Геринг называл Гитлера «шеф». Во время сеансов психотерапии рассказывал, как их первая встреча в Мюнхене перевернула всю его жизнь. Настоящие обильные слезы текли по жирным щекам, Геринг вытирал их батистовым кружевным платочком. На платочке оставались следы розовой пудры. Из-за морфия лицо Геринга было землисто-серым, чтобы выглядеть лучше, он пудрился, подкрашивал губы. Кроме морфинизма и ожирения, Геринг страдал импотенцией. Во время каждого сеанса за рассказом о встрече с Гитлером следовали откровения о том, какими способами они с Карин решают эту проблему, и слезы продолжали течь, оставляя серые дорожки в слое пудры.
Карин, жена Геринга, красивая сорокалетняя блондинка, шведская аристократка, постоянно болела и встречала доктора в гостиной, полулежа на кушетке под портретом Гитлера.

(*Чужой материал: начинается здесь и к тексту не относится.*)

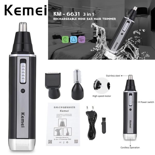 Kemei Alat Cukur Km-6631 Mesin Pencukur Kumis Jenggot Dan Bulu Hidung Sistem Cas
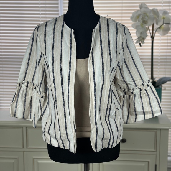 Chic open-front jacket with ruffle sleeves. Perfect for layering. Stylish striped pattern.
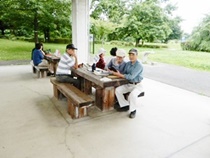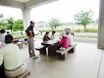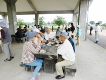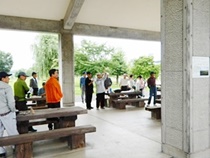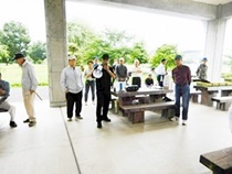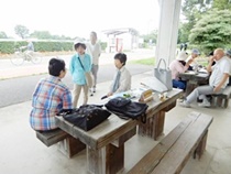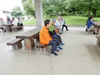 8:30分にはほとんどの方が集まり 各テーブルには談笑の花盛りです。四阿の様子をご覧ください。
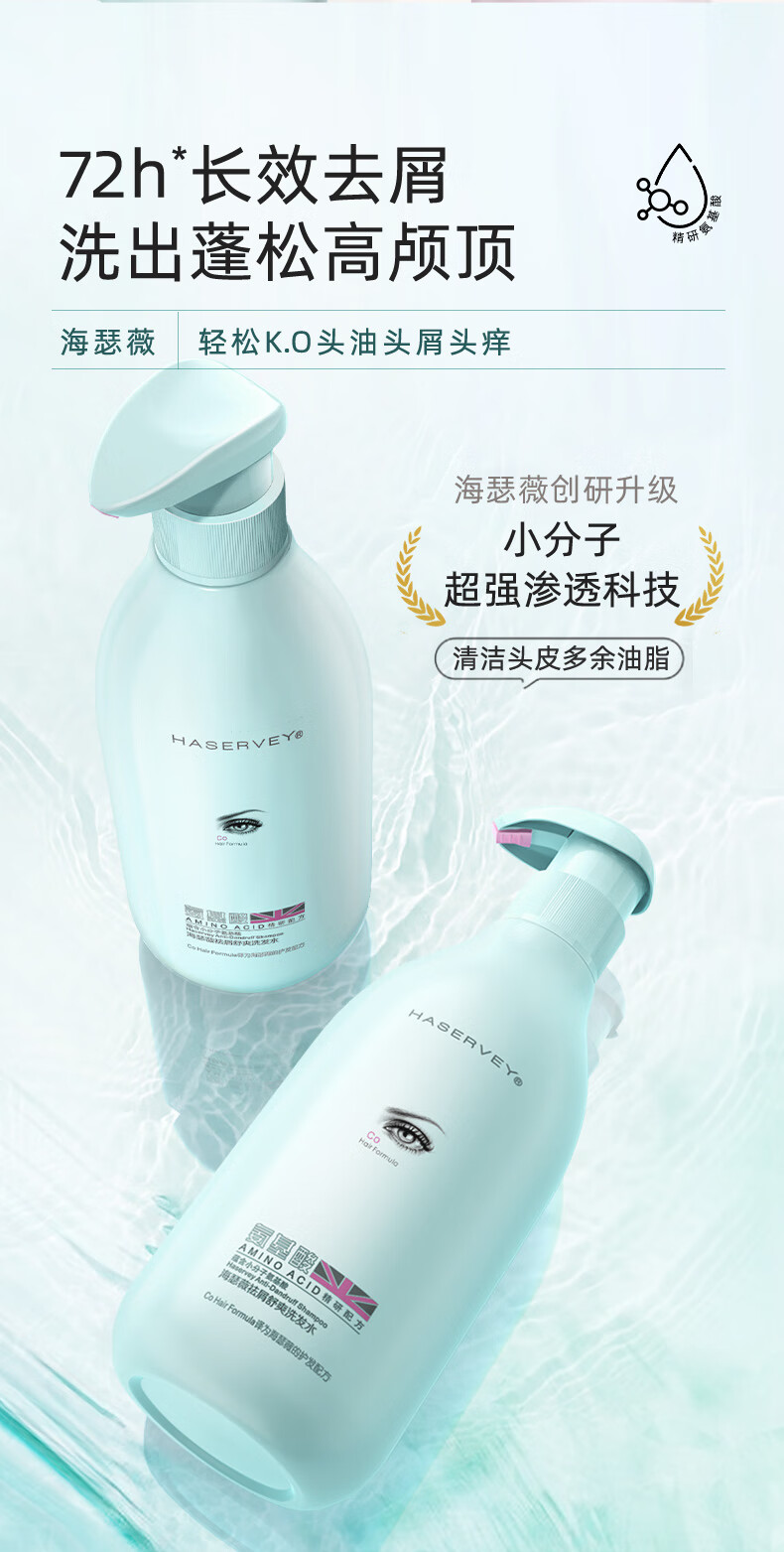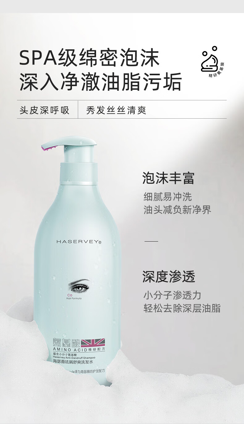 海瑟薇 HASERVEY氨基酸洗发水洗头水护发去屑控油垂顺修护柔顺改善毛燥护发护色 丝滑盈亮护发素300ml
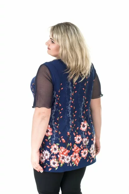 Тканина: масло - ​​70% поліестер; 20% віскоза; 10% еластан. Красива туніка напівприлеглий силует. Рукав, кишені та горловина вирощені із сітки. Кишені накладні, горловина кругла, рукав короткий. Розміри :
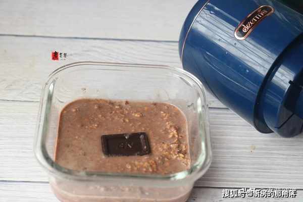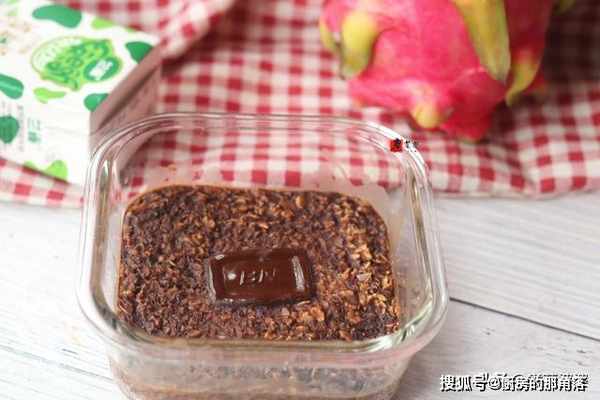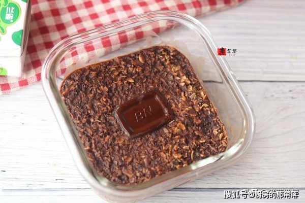 步驟5,拆開1塊100%黑巧克力,放入碗中。然後打開烤箱,預熱5分鐘,放入烤碗,上下火160°,烘烤10分鐘。烤完以後,就可以開吃了~黑巧克力有提高新陳代謝的作用,所以不建議替換哈~

В гостиной были белые стены, розовые оконные стекла, розовые шторы, розовые ковры, поверх ковров белые звериные шкуры. Напротив камина стоял небольшой белый орган. Кресла, диваны, журнальные столики, кушетка, на которой возлежала Карин, – все бело-розовое, и сама она, в белом домашнем платье, с ярко-розовыми пятнами туберкулезного румянца на скулах, гармонично вписывалась в интерьер. Повсюду белели кружевные скатерочки, салфеточки. Антикварные часы на камине, старинные музыкальные шкатулки, китайский фарфор, шелковые абажуры настольных ламп и торшеров – все сияло белизной и розовостью, как сахарная глазурь на прянике. Только кабинет Геринга был выдержан в строгих зеленых тонах, там стояла тяжелая дубовая мебель, в окнах – витражи, изображающие сцены из жизни средневековых рыцарей.
– Мы с Германом – как Тристан и Изольда. Мы отведали любовного напитка и стали беспомощны в экстазе, – сообщила Карин с томной улыбкой при первом же знакомстве. – Мы не можем жить друг без друга. Вы должны помочь Герману, вы посланец светлых сил, у вас кристально арийское энергетическое поле.